The batteries could short and the device fail without setting off the dead battery alarm, noted the paper.

This characterization led the company to a “Corrective Action and Preventive Action (CAPA) Procedure” that treated the events in a much different way than had they been confirmed. “Basing your firm’s risk evaluation on “confirmed” cases and not considering the potential for “unconfirmed” cases to have been shorts, your firm underestimated the occurrence of the hazardous situation,” noted the FDA letter.

This situation continued even after a patient death in 2014. “Your firm completed its returned device analysis, related to this death, on August 27, 2014. The analysis concluded the cause of premature battery depletion 'could not be determined' despite evidence of lithium bridges, provided by your supplier,” stated the FDA.

The FDA thus noted that the “unconfirmed” classification “resulted in significant underestimations of the probability of occurrence of the hazardous situation."

Beyond that, “seven patients were implanted with defibrillators after St. Jude recalled more than 400,000 of the devices,” noted the Star Tribune.

The FDA also weighed in on the Merlin@home cybersecurity issue in the letter.

Cybersecurity concerns were first raised by investment firm Muddy Waters Capital, which went public and then shorted the stock. St. Jude sued the investment company for defamation.

"We felt this lawsuit was the best course of action to make sure those looking to profit by trying to frighten patients and caregivers, and by circumventing appropriate and established channels for raising cybersecurity concerns, do not use this avenue to do so again,” said Michael T. Rousseau, president and chief executive officer at St. Jude Medical. "We believe this lawsuit is critical to the entire medical device ecosystem — from our patients who have our life saving devices, to the physicians and caregivers who care for them, to the responsible security researchers who help improve security, to the long-term St. Jude Medical investors who incurred losses due to false accusations as part of a wrongful profit-making scheme."

It noted that after third-party reports of security flaws in the system, “your firm failed to accurately incorporate the findings of a third-party assessment you commissioned, dated April 2, 2014, into your firm’s updated cybersecurity risk assessments for your high voltage and peripheral devices. This included dealing with the 'hard-coded universal unlock code as an exploitable hazard for your firm’s High Voltage devices',” which the report had identified.
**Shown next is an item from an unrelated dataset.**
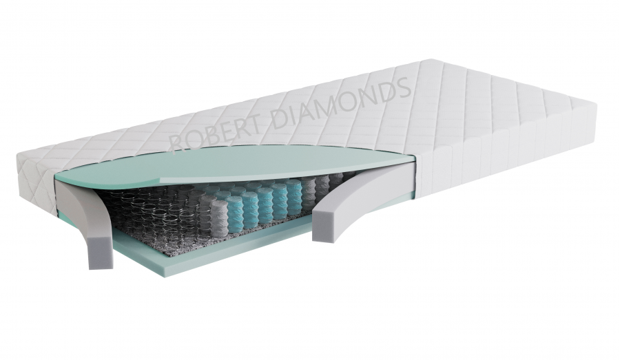 Jadro matraca kombinuje kvalitnú PUR penu s hustotou 38 kg/m³ a taštičkové pružiny (STANDART POCKET), čo zabezpečuje vynikajúcu flexibilitu a ideálnu podporu. PUR pena sa dokonale prispôsobuje tvaru vášho tela a reguluje teplotu počas spánku, čím vytvára zdravé a pohodlné prostredie bez nadmernej vlhkosti.

“Your firm identified the hard-coded universal unlock code as a risk control measure for emergent communication. However, you failed to identify this risk control also as a hazard. Therefore, you failed to properly estimate and evaluate the risk associated with the hard-coded universal lock code in the design of your High Voltage devices,” noted the FDA.

The company's written response to these FDA findings was rejected by the agency, according to the Star Tribune. The company must now outline to the FDA the measures it will take to correct the issues with the devices.

In January, St. Jude Medical announced that its implantable cardiac devices were getting software fixes.

Calling the risk of such an exploit “extremely low,” St. Jude Medical stated at the time that, “in recognition of the changing cyber security landscape and the increased public attention on highly unlikely medical device cyber risks, we are informing the public about these ongoing actions so that patients can continue to be confident about the benefits of remote monitoring.”

The company took the step preemptively, St. Jude Medical’s Cyber Security Medical Advisory Board advisor, Ann Barron DiCamillo, said in a statement.

“We’ve partnered with agencies such as the U.S. Food and Drug Administration (FDA) and the U.S. Department of Homeland Security Industrial Control Systems Cyber Emergency Response Team (ICS-CERT) unit, and are continuously reassessing and updating our devices and systems, as appropriate,” said Phil Ebeling, vice president and chief technology officer at St. Jude Medical.